> _Required action_: The expected output is an exact copy of the lines from the one containing "chouyatou Women's Winter" through the final line of the entries below, with no images.

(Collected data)

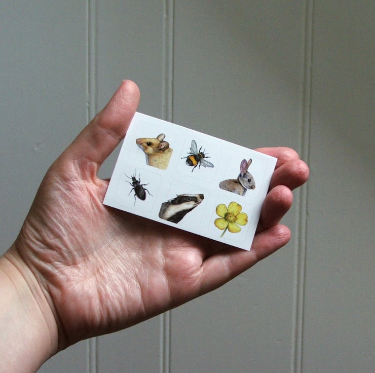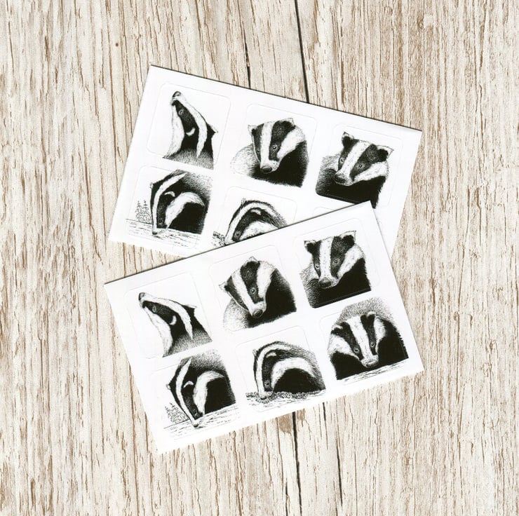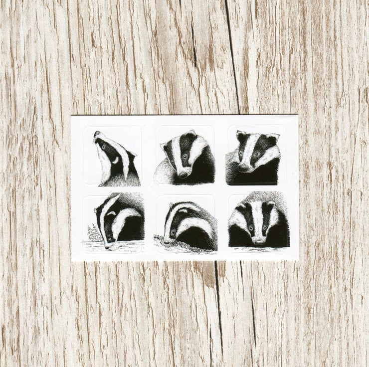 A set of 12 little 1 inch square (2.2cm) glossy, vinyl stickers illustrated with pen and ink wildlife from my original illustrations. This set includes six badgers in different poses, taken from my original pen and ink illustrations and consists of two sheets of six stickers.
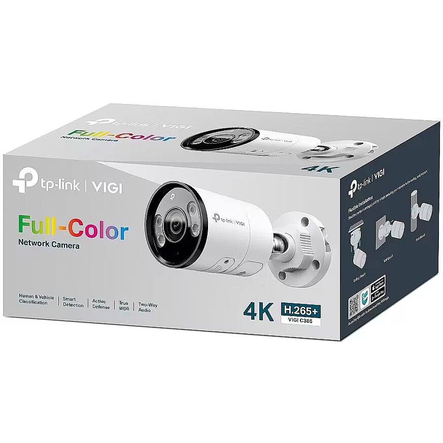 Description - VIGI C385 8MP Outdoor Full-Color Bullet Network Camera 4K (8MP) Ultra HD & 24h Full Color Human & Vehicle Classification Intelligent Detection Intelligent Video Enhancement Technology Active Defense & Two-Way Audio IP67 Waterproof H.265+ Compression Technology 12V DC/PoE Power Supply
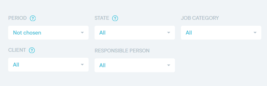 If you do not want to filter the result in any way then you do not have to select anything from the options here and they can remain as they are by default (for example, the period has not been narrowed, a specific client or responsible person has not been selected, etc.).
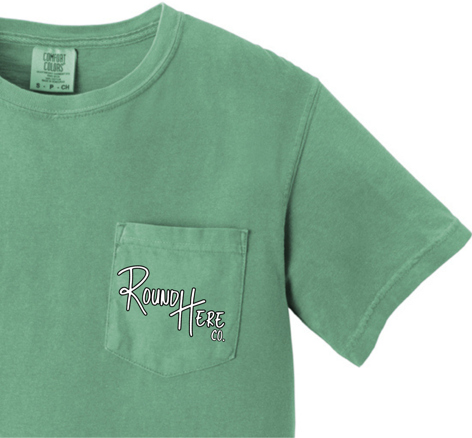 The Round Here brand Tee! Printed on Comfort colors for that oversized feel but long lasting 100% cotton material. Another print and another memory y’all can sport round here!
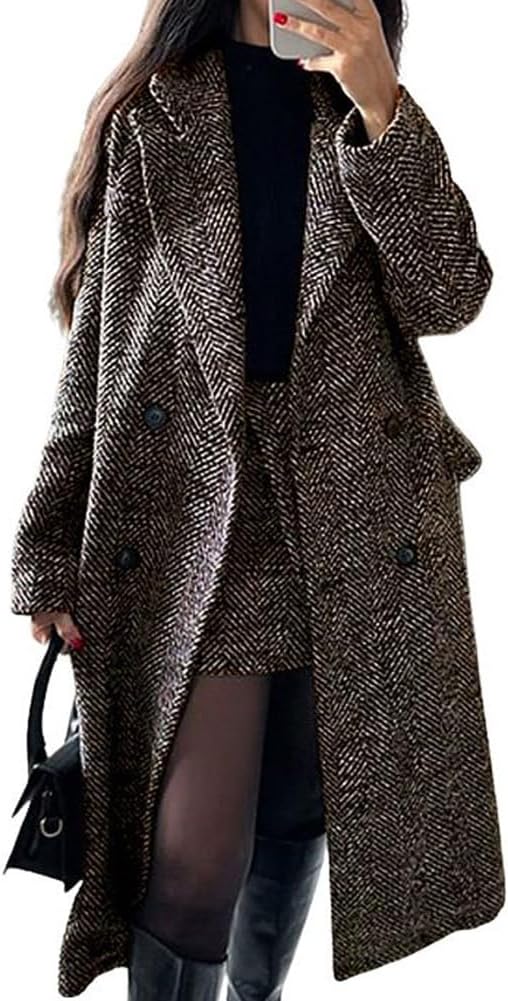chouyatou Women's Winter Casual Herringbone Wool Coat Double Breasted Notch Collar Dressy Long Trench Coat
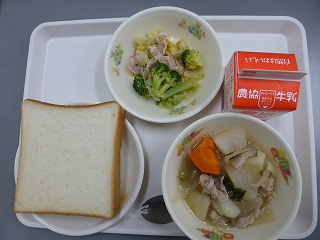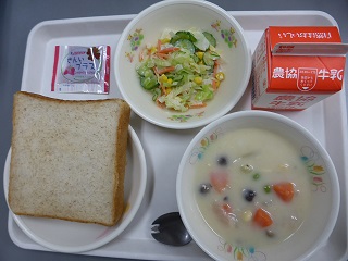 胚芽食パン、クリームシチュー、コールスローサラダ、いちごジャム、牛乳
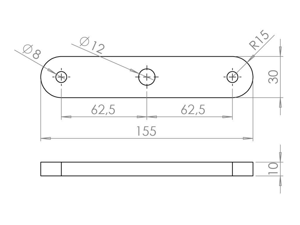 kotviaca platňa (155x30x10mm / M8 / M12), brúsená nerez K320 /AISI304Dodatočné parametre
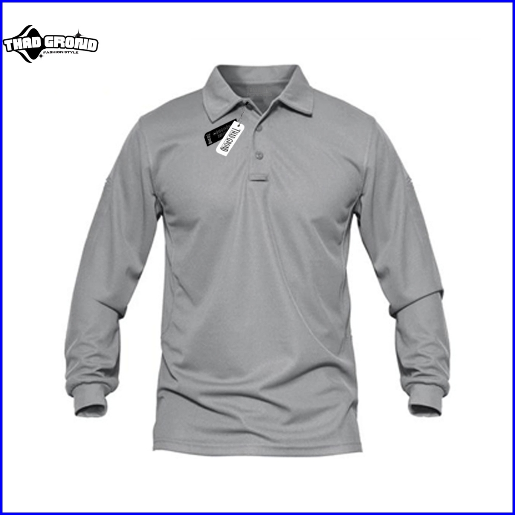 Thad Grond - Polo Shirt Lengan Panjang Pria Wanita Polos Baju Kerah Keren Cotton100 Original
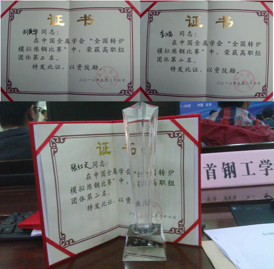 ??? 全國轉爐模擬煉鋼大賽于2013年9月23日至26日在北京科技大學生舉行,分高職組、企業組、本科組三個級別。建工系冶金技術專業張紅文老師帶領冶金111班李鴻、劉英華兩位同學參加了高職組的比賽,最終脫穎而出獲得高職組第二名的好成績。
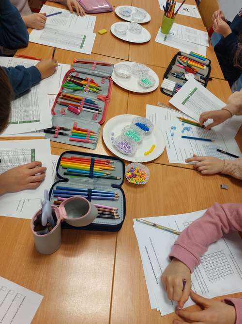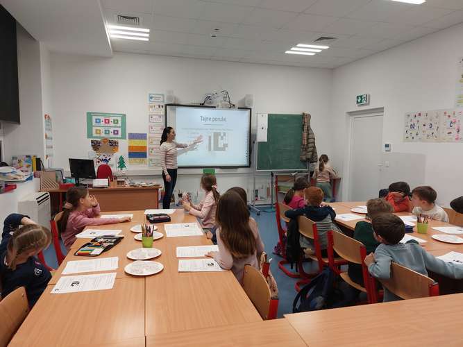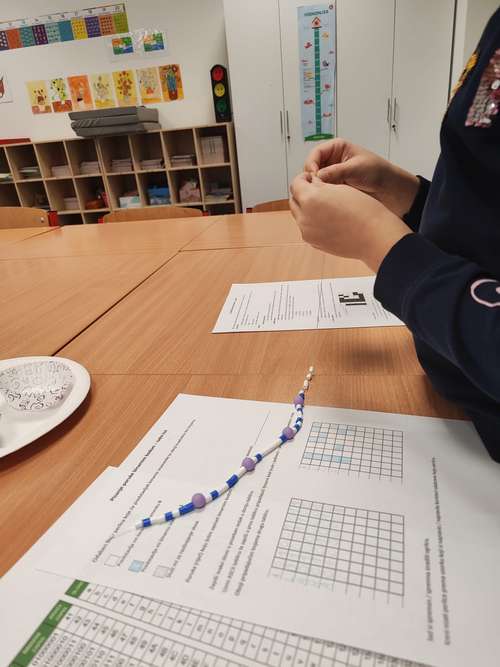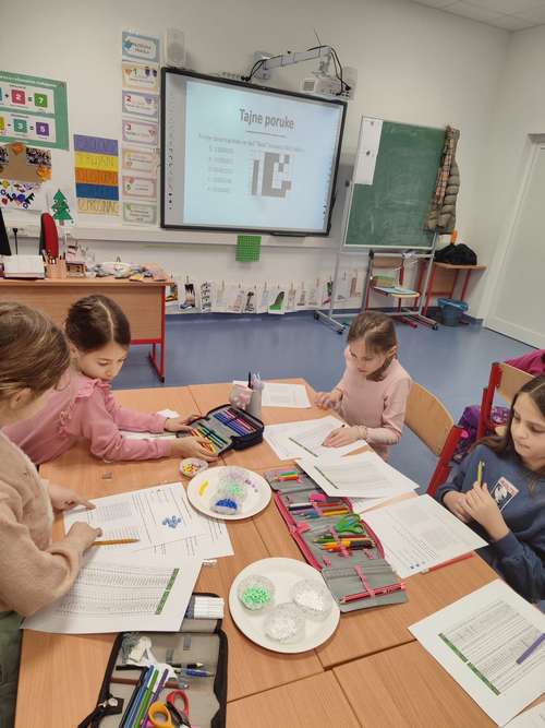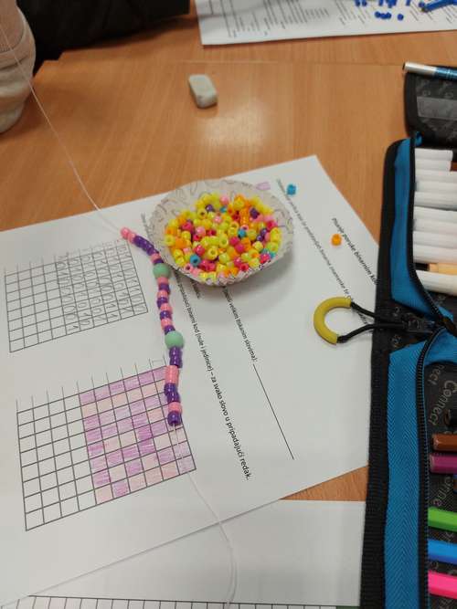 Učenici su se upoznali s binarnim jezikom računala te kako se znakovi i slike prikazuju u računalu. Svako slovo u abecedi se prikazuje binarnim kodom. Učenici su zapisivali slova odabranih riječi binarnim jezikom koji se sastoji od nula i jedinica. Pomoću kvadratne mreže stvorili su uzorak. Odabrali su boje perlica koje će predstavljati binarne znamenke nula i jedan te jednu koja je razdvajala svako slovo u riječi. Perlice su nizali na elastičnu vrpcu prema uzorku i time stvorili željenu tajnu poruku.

> _Result of this task_:
chouyatou Women's Winter Casual Herringbone Wool Coat Double Breasted Notch Collar Dressy Long Trench Coat
 胚芽食パン、クリームシチュー、コールスローサラダ、いちごジャム、牛乳
 kotviaca platňa (155x30x10mm / M8 / M12), brúsená nerez K320 /AISI304Dodatočné parametre
 Thad Grond - Polo Shirt Lengan Panjang Pria Wanita Polos Baju Kerah Keren Cotton100 Original
 ??? 全國轉爐模擬煉鋼大賽于2013年9月23日至26日在北京科技大學生舉行,分高職組、企業組、本科組三個級別。建工系冶金技術專業張紅文老師帶領冶金111班李鴻、劉英華兩位同學參加了高職組的比賽,最終脫穎而出獲得高職組第二名的好成績。
 Učenici su se upoznali s binarnim jezikom računala te kako se znakovi i slike prikazuju u računalu. Svako slovo u abecedi se prikazuje binarnim kodom. Učenici su zapisivali slova odabranih riječi binarnim jezikom koji se sastoji od nula i jedinica. Pomoću kvadratne mreže stvorili su uzorak. Odabrali su boje perlica koje će predstavljati binarne znamenke nula i jedan te jednu koja je razdvajala svako slovo u riječi. Perlice su nizali na elastičnu vrpcu prema uzorku i time stvorili željenu tajnu poruku.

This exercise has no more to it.